▶ [REQUIRED ACTION]
In the listing below, find the line containing "This has an" and the line containing "Coloque uma camada". Repeat exactly those two lines and every line between them, nothing more.

── TASK INPUT

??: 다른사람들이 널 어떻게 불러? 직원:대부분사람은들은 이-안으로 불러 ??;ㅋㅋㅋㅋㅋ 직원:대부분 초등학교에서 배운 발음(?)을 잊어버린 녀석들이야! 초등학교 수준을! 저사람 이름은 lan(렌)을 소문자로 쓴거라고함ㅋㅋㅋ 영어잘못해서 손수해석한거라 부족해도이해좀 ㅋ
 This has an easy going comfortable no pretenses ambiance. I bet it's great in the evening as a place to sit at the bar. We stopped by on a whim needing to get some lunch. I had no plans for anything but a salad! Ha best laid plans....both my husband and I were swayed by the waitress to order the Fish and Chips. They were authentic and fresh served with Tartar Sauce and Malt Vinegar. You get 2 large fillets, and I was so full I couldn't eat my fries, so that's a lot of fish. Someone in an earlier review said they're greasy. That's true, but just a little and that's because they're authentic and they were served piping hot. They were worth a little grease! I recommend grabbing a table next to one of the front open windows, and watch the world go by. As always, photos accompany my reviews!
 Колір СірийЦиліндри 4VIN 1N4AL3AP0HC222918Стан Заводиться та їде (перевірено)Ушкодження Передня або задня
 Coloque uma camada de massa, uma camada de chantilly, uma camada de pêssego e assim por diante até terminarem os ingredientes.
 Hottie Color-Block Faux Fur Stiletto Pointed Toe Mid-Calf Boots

────
── TASK INPUT

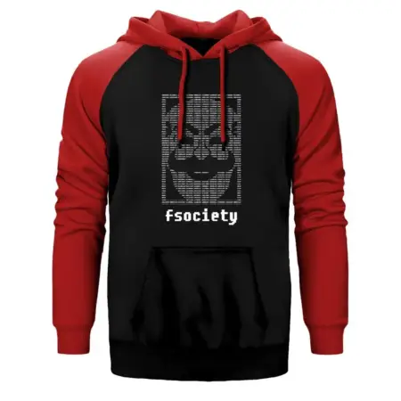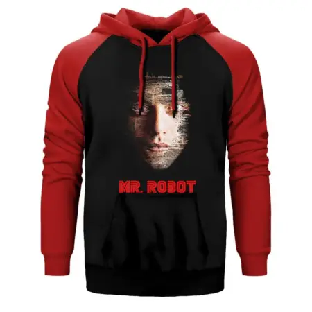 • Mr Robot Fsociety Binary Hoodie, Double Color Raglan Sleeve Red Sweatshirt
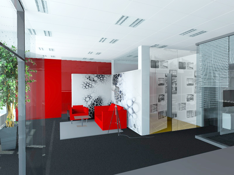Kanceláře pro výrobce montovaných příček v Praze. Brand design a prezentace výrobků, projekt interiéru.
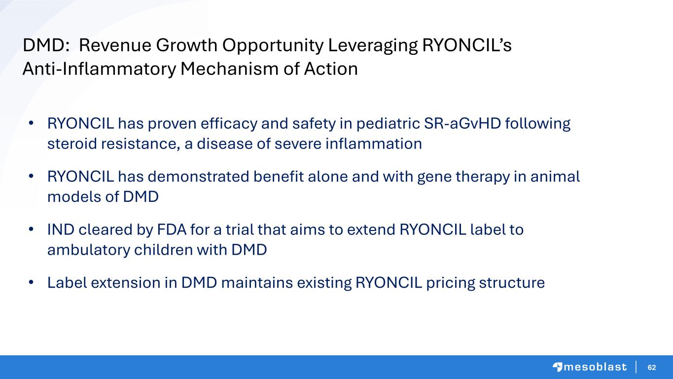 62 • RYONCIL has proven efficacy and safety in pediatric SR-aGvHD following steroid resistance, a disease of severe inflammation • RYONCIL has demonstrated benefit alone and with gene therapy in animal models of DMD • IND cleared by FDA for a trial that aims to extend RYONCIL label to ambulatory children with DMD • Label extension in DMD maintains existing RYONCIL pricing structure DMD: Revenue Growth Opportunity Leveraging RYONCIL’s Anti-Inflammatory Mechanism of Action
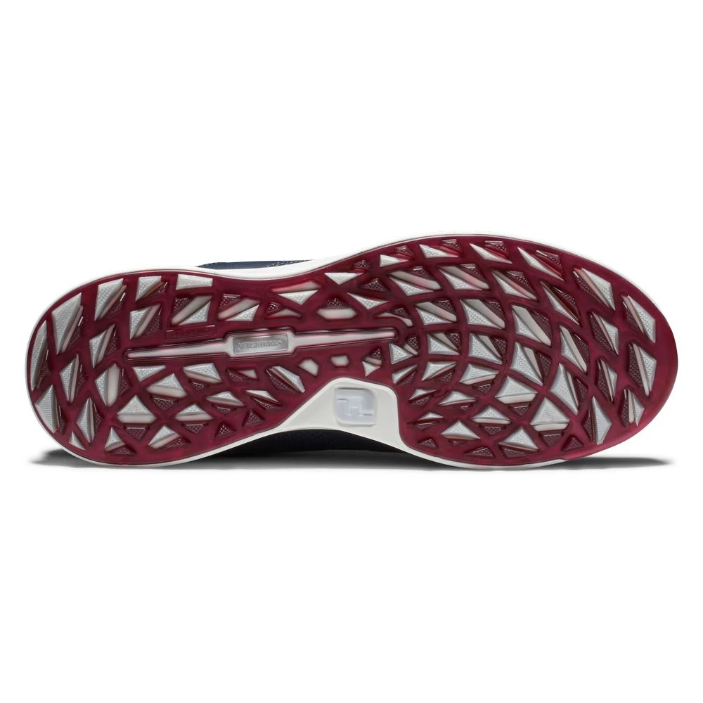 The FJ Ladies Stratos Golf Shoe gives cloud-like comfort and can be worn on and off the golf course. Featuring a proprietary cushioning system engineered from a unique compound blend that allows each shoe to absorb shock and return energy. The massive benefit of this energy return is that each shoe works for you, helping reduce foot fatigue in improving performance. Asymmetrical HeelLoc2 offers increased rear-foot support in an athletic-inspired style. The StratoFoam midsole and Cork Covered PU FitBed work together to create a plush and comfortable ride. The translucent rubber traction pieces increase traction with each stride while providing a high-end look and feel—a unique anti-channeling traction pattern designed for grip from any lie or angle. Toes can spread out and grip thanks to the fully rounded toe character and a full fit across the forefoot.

────

▶ [ANSWER SECTION]
 This has an easy going comfortable no pretenses ambiance. I bet it's great in the evening as a place to sit at the bar. We stopped by on a whim needing to get some lunch. I had no plans for anything but a salad! Ha best laid plans....both my husband and I were swayed by the waitress to order the Fish and Chips. They were authentic and fresh served with Tartar Sauce and Malt Vinegar. You get 2 large fillets, and I was so full I couldn't eat my fries, so that's a lot of fish. Someone in an earlier review said they're greasy. That's true, but just a little and that's because they're authentic and they were served piping hot. They were worth a little grease! I recommend grabbing a table next to one of the front open windows, and watch the world go by. As always, photos accompany my reviews!
 Колір СірийЦиліндри 4VIN 1N4AL3AP0HC222918Стан Заводиться та їде (перевірено)Ушкодження Передня або задня
 Coloque uma camada de massa, uma camada de chantilly, uma camada de pêssego e assim por diante até terminarem os ingredientes.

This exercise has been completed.